Download SEPepQuant:
git clone https://github.com/bzhanglab/SEPepQuant.git
SEPepQuant runs from a command line as follows:
Usage: perl SEPepQuant.pl [Options]
Parameters:
--database protein database used for database searching
--quant LF or TMT
--plex TMT plex, required if --quant is TMT
--RefTag Tag of TMT reference channel, required if --quant is TMT
--input folder of FragPipe output
--output output folder
--help this information
The exact protein database used for FragPipe is required for SEPEPquant. The database should follow the philosopher format rules and in UniProt format. An example can be found in the protein_database folder.

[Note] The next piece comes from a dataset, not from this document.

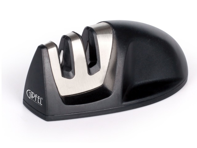 Точило для ножей Gipfel ROOT 2908. Размер 10х5х4 см. Точило удобно можно зафиксировать одной рукой на поверхности благодаря эргономичному пластиковому корпусу, достаточно всего 5-7 движений, чтобы полностью заточить нож. На нем 2 слота для заточки ножей. Материал шлифовальных кругов: керамика, карбид вольфрама.

Curently, SEPEPquant only support FragPipe processed Label free and TMT data. The input files should be organized as the following format:
FragPipe_output
├── Sample1/TMT1
│ ├── peptide.tsv
│
├── Sample2/TMT2
│ ├── peptide.tsv
│
├── Sample3/TMT3
│ ├── peptide.tsv
│
├── Sample4/TMT4
│ ├── peptide.tsv
perl SEPepQuant.pl --database protein_database/GRCh38_latest_protein_NP_YP_XP.changeHeaderFormatUniprot.maxquant_contaminants.fa --fdr 0.01 --quant TMT --plex 11 --RefTag Mix --input testing_data/TMT --output testing_data_output_TMT
Example 2: includes 3 samples from the HCC-label free dataset, estimated running time: 5 minutes
perl SEPepQuant.pl --database protein_database/GRCh38_latest_protein_NP_YP_XP.changeHeaderFormatUniprot.maxquant_contaminants.fa --fdr 0.01 --quant LF --input testing_data/Label_free --output testing_data_output_LF
This file contains numbers of protein(s) of each gene in the protein database.
- Column 1: gene name
- Column 2: # of proteins of a gene
This file descripts mappings between SEPEPs, host gene(s) and host protein(s).

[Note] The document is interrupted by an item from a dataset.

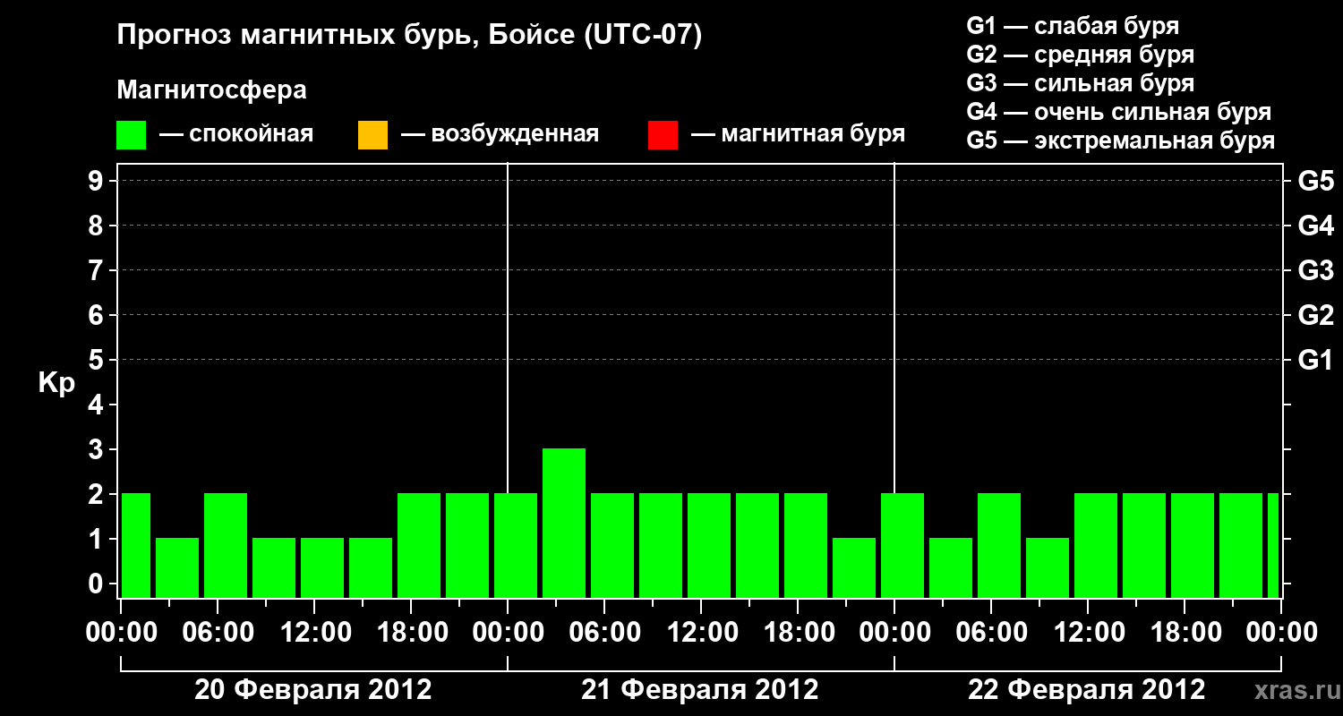Прогноз магнитных бурь в Бойсе на 20 февраля 2012 года

- SEPEP_label: name and class of a SEPEP
- number_of_mapped_protein: Number of proteins belong to this SEPEP
- number_of_mapped_gene: Number of genes belong to this SEPEP
- protein_number_of_gene: Number of proteins belongs to host gene(s), 0 for multiple gene SEPEPs
- sorted_gene_list: Sorted gene list
- sorted_protein_list: Sorted protein list
TMT data: It will report both raw (sepep_matrix_raw.txt) and median centered (sepep_matrix_MD.txt) Log2(TMT ratio) for TMT data.
Label free data: It will report both MS1 intensity and spectral count in a same file.